As Chile’s new constitution faces crucial deadlines, the country is grappling with voter fatigue and diminishing support for the process. The president of Chile’s Constitutional Council, Beatriz Hevia, acknowledges the challenge of winning over public support. Despite this, the Council remains confident in meeting the October deadline for their draft.

In the coming weeks, Council committees will analyze proposed modifications to the preliminary draft, with the voting process expected to conclude by early September. The process will then move to the Council’s floor, culminating in a final recommendation the following month.

Hevia, a trained lawyer, is overseeing Chile’s second attempt to rewrite its constitution within two years. The previous attempt was rejected by voters in 2022 due to concerns of radicalism. The current effort is favored by right-wing factions dominating the Council.

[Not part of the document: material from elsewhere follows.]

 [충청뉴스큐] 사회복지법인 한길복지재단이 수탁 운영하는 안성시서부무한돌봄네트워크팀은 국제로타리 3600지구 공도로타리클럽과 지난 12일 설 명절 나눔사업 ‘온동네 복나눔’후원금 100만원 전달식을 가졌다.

However, a new issue has emerged – voter apathy resulting from a prolonged process spanning over two years and involving three national votes. A recent Cadem poll revealed that only 26% of respondents plan to support the proposed constitution. Furthermore, 59% admitted to having little to no knowledge of the work conducted by the Commission of Experts, responsible for initiating the current charter rewrite earlier this year.

Hevia believes that voter frustration stems from the failure of the previous attempt at constitution reform. People had placed their hope in the previous process, which ultimately proved ineffective. Therefore, skepticism and reluctance to invest in a new process have arisen.

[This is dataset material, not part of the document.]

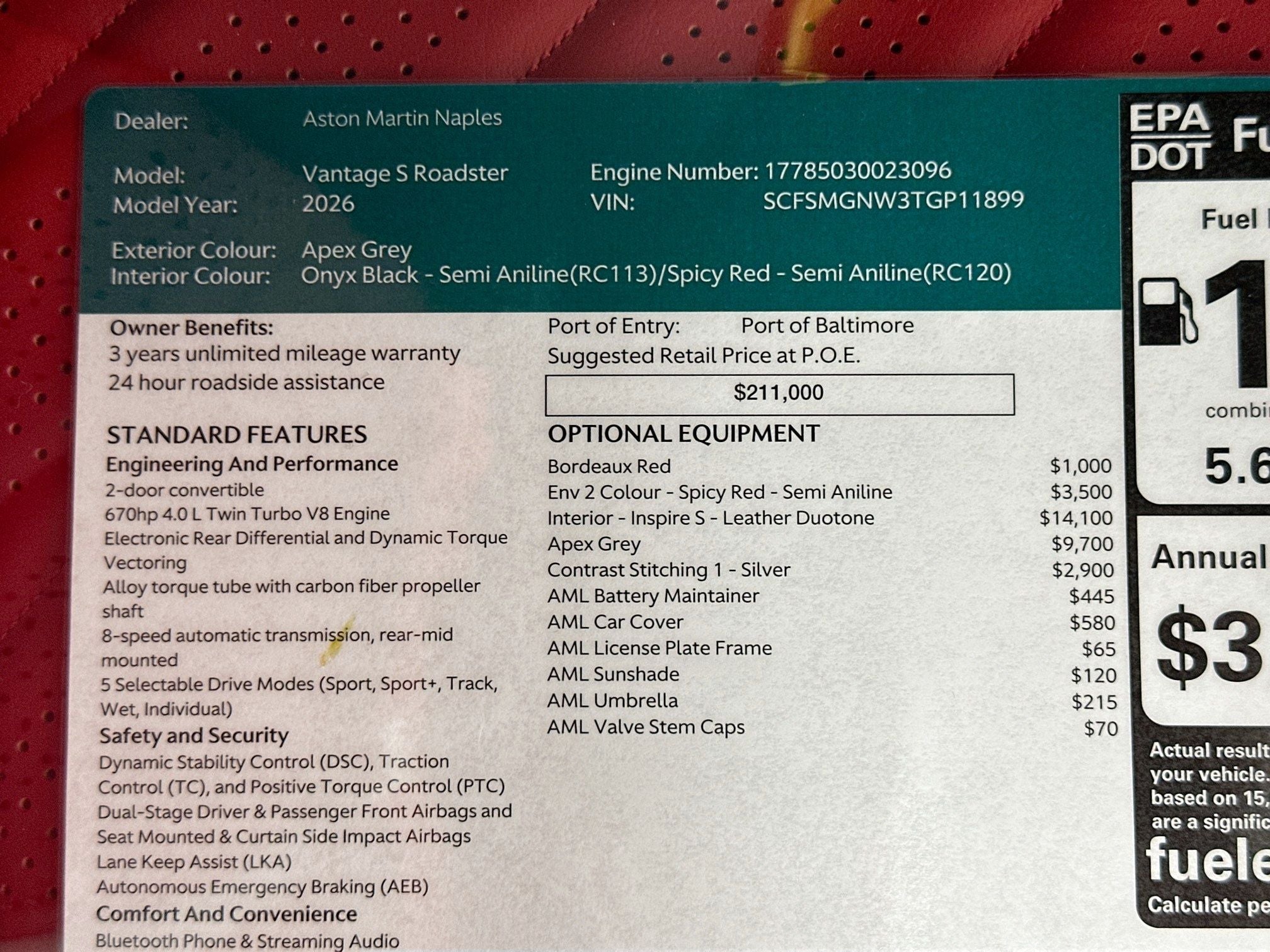 - Fuel Economy Est-Combined (MPG): 18

The movement to replace Chile’s current constitution, which dates back to the Augusto Pinochet dictatorship, was sparked by social unrest in 2019. However, the country’s recent shift toward the right has set the stage for a substantially different constitution than the one presented to voters in 2022.

Hevia, a member of the conservative Partido Republicano, initially opposed changing the constitution but emphasizes that the Council is open to diverse opinions. Their goal is to craft a constitution that caters to the interests of all Chileans and demonstrates a commitment to unity over personal agendas.

With tight timelines, the Council faces the challenge of making modifications to the draft by October. The subsequent steps include a report by a Commission of Experts and a final draft referendum scheduled for December 17. If approved by a simple majority, the new constitution will become law.

Hevia believes that by collectively recognizing the need to move on from a period of uncertainty and instability for the sake of social and economic progress, the path to agreements will be smoother.